# WHAT THE TASK ASKS
Write every record out again exactly, and keep images out of it.

[Extracted records]
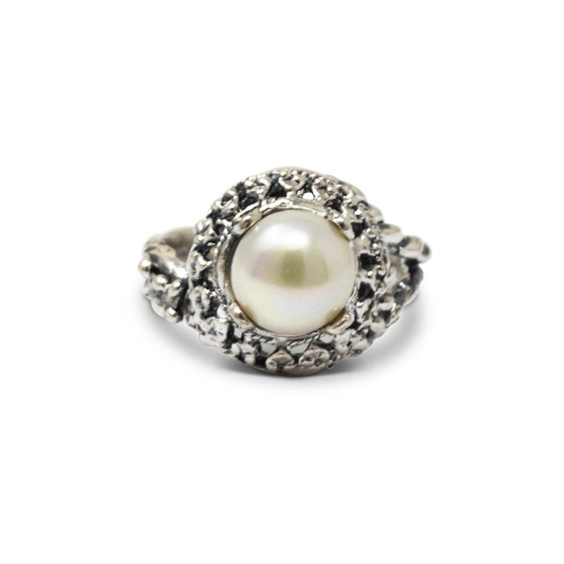 Anello in Argento 925/000 e cristalli colorati. Realizzato a mano in Italia su misura ed è corredato di Garanzia e Certificato di Autenticità. Pietra Centrale perlao 10 mm. Dimensioni diametro 1,5 cm. Anello regolabile.
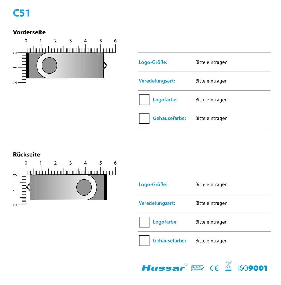 Technische Details: Speicherqualität: Verwendung von Markenspeicher z.B. folgender Hersteller: Samsung, Toshiba, Hynix, Micron, SanDisk USB-Richtgeschwindigkeit 2.0: 1GB - 64GB = Lesen: ca. 10MB/Sek. und Schreiben: ca. 3MB/Sek. Schnellere Lese und Schreibgeschwindigkeiten sind auf Anfrage erhältlich USB-Richtgeschwindigkeit 3.0: 8GB = Lesen: ca. 20MB/Sek. und Schreiben: ca. 10MB/Sek. 16GB = Lesen: ca. 20MB/Sek. und Schreiben: ca. 10MB/Sek. 32GB = Lesen: ca. 50MB/Sek. und Schreiben: ca. 12MB/Sek. 64GB = Lesen: ca. 60MB/Sek. und Schreiben: ca. 12MB/Sek. 128GB = Lesen: ca. 70MB/Sek. und Schreiben: ca. 18MB/Sek. Schnellere Lese und Schreibgeschwindigkeiten sind auf Anfrage erhältlich
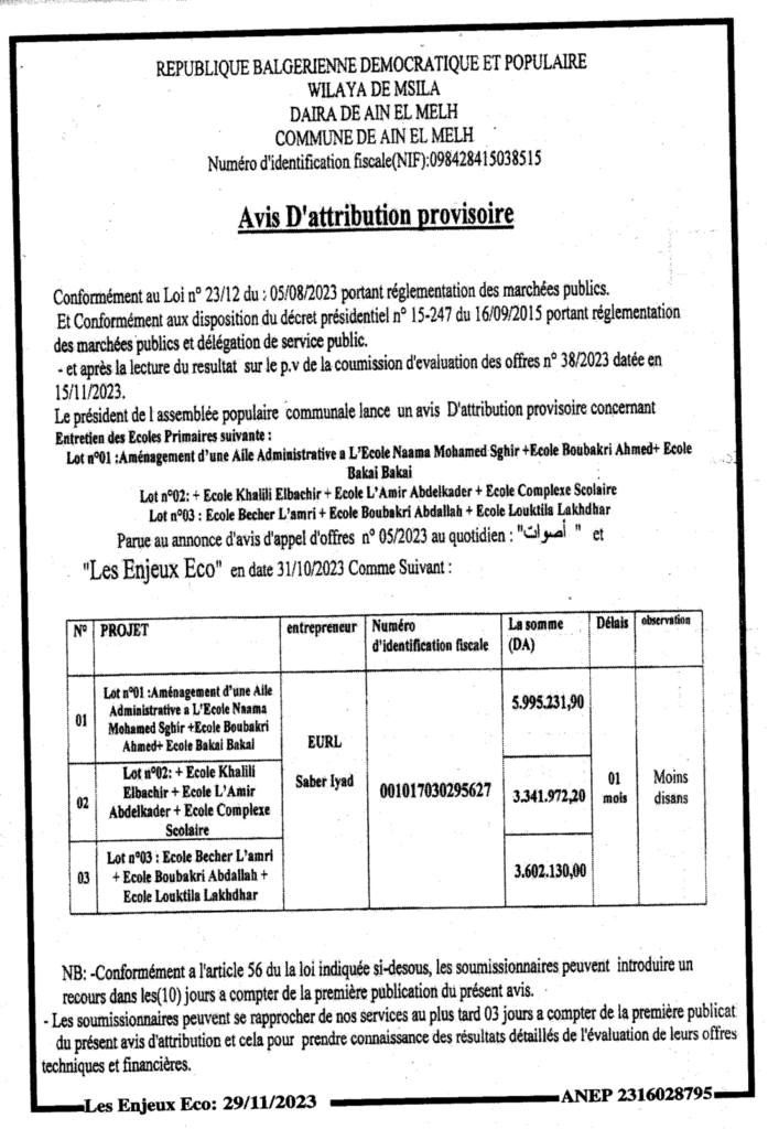 Avis d’attribution provisoire/ Commune de Ain ElMelh
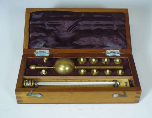 including: a mahogany and brass three drawer telescope, 84cm long extended; a cased Sike's Hydrometer; a cased spherometer, by Harvey & Peak, London; a cased compass; a German cased calculating slide rule; two copper printing plates; and miscellaneous items (qty)
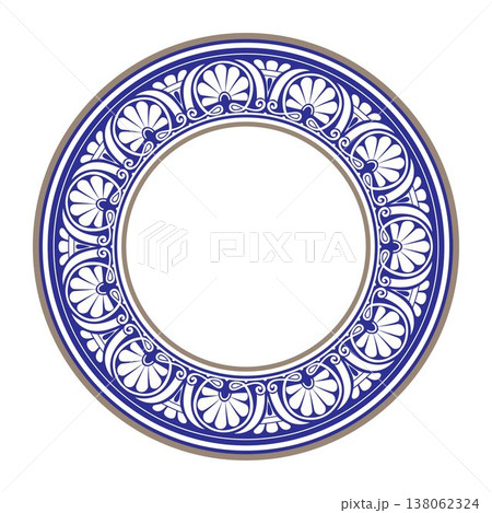 Decorative blue gold round plate with greek floral pattern. Round porcelain plate. Greek floral meander, palmette. European frame with pattern. Frame Ancient Greece, Roman Empire. Vector illustration
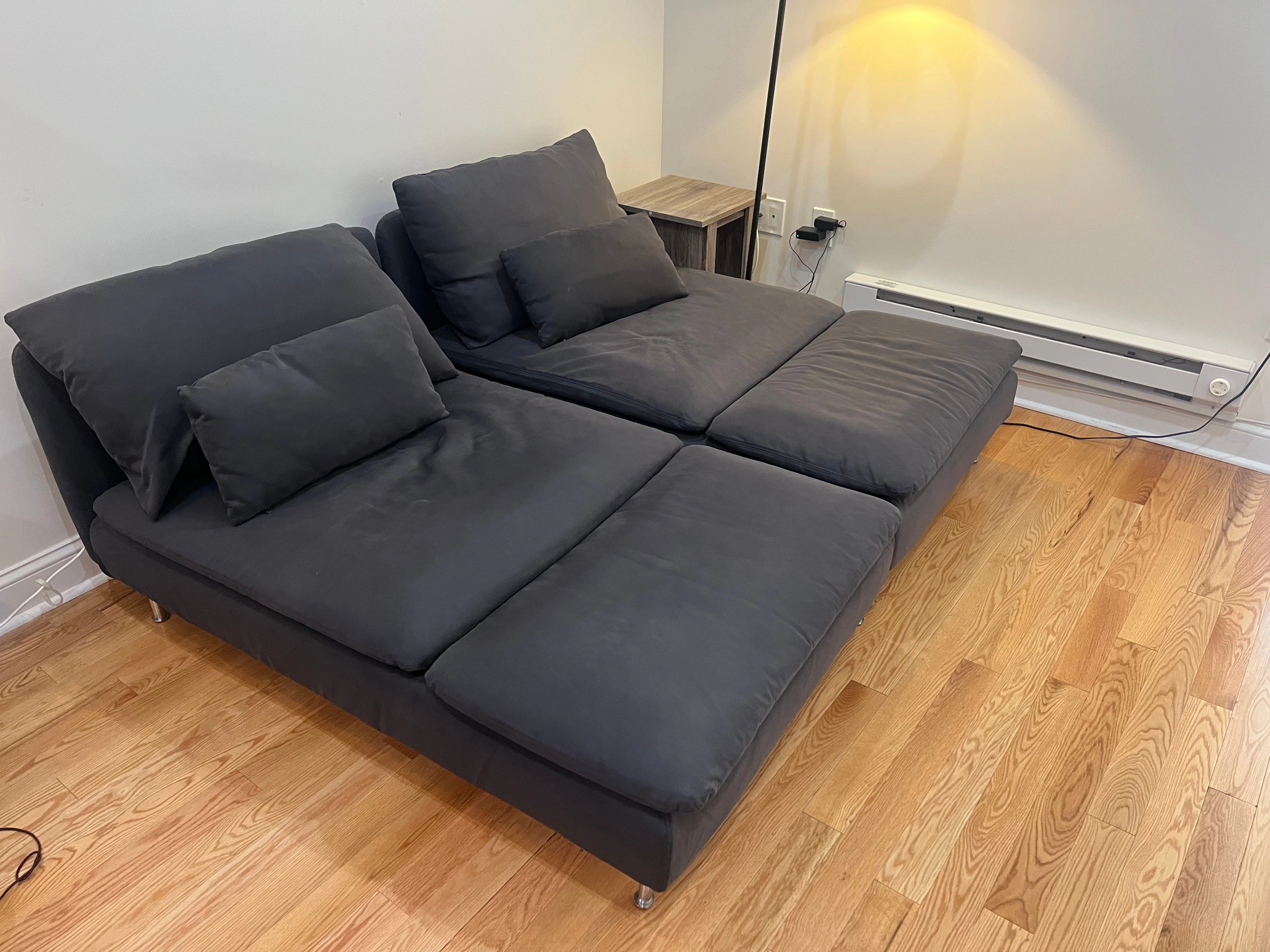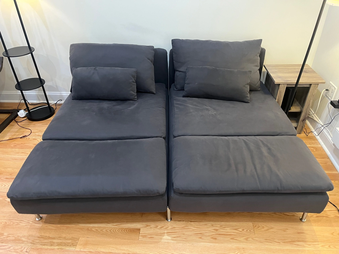 Selling two SÖDERHAMN chaise lounges put together to make one big sofa/daybed. Super comfy with deep seats, perfect for lounging or watching TV. You can keep them side by side as a big couch or separate them if you like. **Pick Up Only** Measurements (together): Width: about 73 1/4" Depth: 59 1/2" Height: 32 5/8" Seat height: 15 3/4" Condition: good used condition. Cushions and covers are all intact, no major stains or damage. From a smoke-free, pet-free home. https://www.ikea.com/us/en/p/soederhamn-chaise-fridtuna-dark-gray-s39449602/#content Feel free to reach out with any questions.
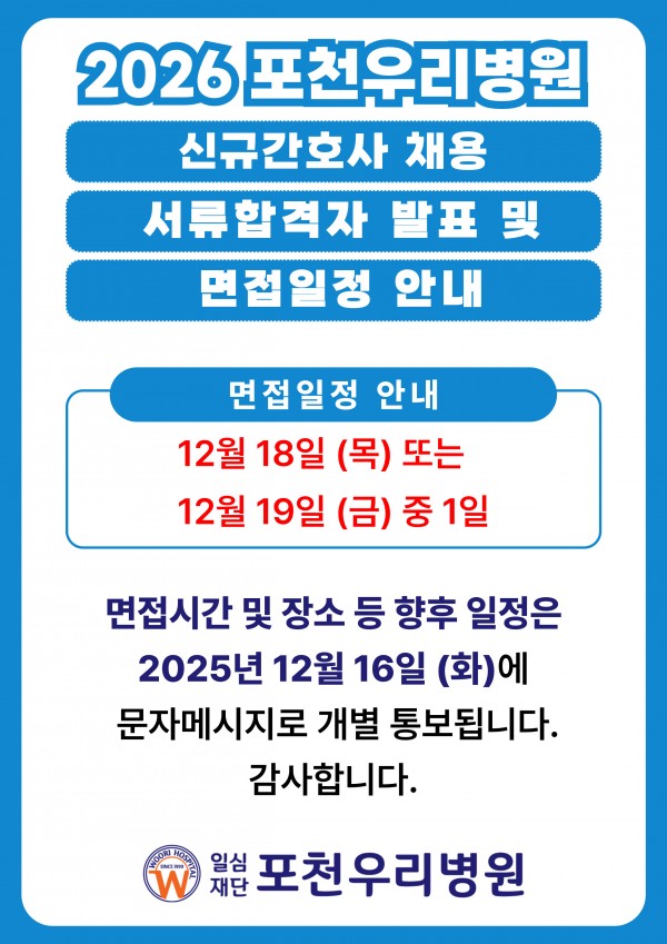 2026 신규간호사 채용 서류합격자 발표 및 면접일정 안내
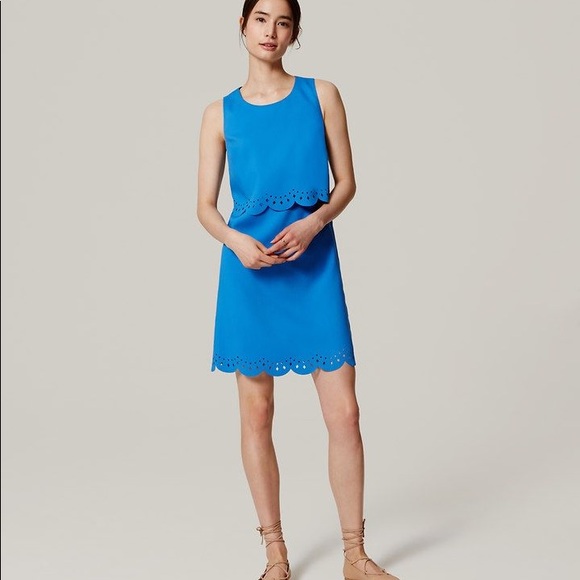 Loft Scallop Hem Blue Laser Cut Overlay Dress

# TASK OUTPUT
 Anello in Argento 925/000 e cristalli colorati. Realizzato a mano in Italia su misura ed è corredato di Garanzia e Certificato di Autenticità. Pietra Centrale perlao 10 mm. Dimensioni diametro 1,5 cm. Anello regolabile.
 Technische Details: Speicherqualität: Verwendung von Markenspeicher z.B. folgender Hersteller: Samsung, Toshiba, Hynix, Micron, SanDisk USB-Richtgeschwindigkeit 2.0: 1GB - 64GB = Lesen: ca. 10MB/Sek. und Schreiben: ca. 3MB/Sek. Schnellere Lese und Schreibgeschwindigkeiten sind auf Anfrage erhältlich USB-Richtgeschwindigkeit 3.0: 8GB = Lesen: ca. 20MB/Sek. und Schreiben: ca. 10MB/Sek. 16GB = Lesen: ca. 20MB/Sek. und Schreiben: ca. 10MB/Sek. 32GB = Lesen: ca. 50MB/Sek. und Schreiben: ca. 12MB/Sek. 64GB = Lesen: ca. 60MB/Sek. und Schreiben: ca. 12MB/Sek. 128GB = Lesen: ca. 70MB/Sek. und Schreiben: ca. 18MB/Sek. Schnellere Lese und Schreibgeschwindigkeiten sind auf Anfrage erhältlich
 Avis d’attribution provisoire/ Commune de Ain ElMelh
 including: a mahogany and brass three drawer telescope, 84cm long extended; a cased Sike's Hydrometer; a cased spherometer, by Harvey & Peak, London; a cased compass; a German cased calculating slide rule; two copper printing plates; and miscellaneous items (qty)
 Decorative blue gold round plate with greek floral pattern. Round porcelain plate. Greek floral meander, palmette. European frame with pattern. Frame Ancient Greece, Roman Empire. Vector illustration
 Selling two SÖDERHAMN chaise lounges put together to make one big sofa/daybed. Super comfy with deep seats, perfect for lounging or watching TV. You can keep them side by side as a big couch or separate them if you like. **Pick Up Only** Measurements (together): Width: about 73 1/4" Depth: 59 1/2" Height: 32 5/8" Seat height: 15 3/4" Condition: good used condition. Cushions and covers are all intact, no major stains or damage. From a smoke-free, pet-free home. https://www.ikea.com/us/en/p/soederhamn-chaise-fridtuna-dark-gray-s39449602/#content Feel free to reach out with any questions.
 2026 신규간호사 채용 서류합격자 발표 및 면접일정 안내
 Loft Scallop Hem Blue Laser Cut Overlay Dress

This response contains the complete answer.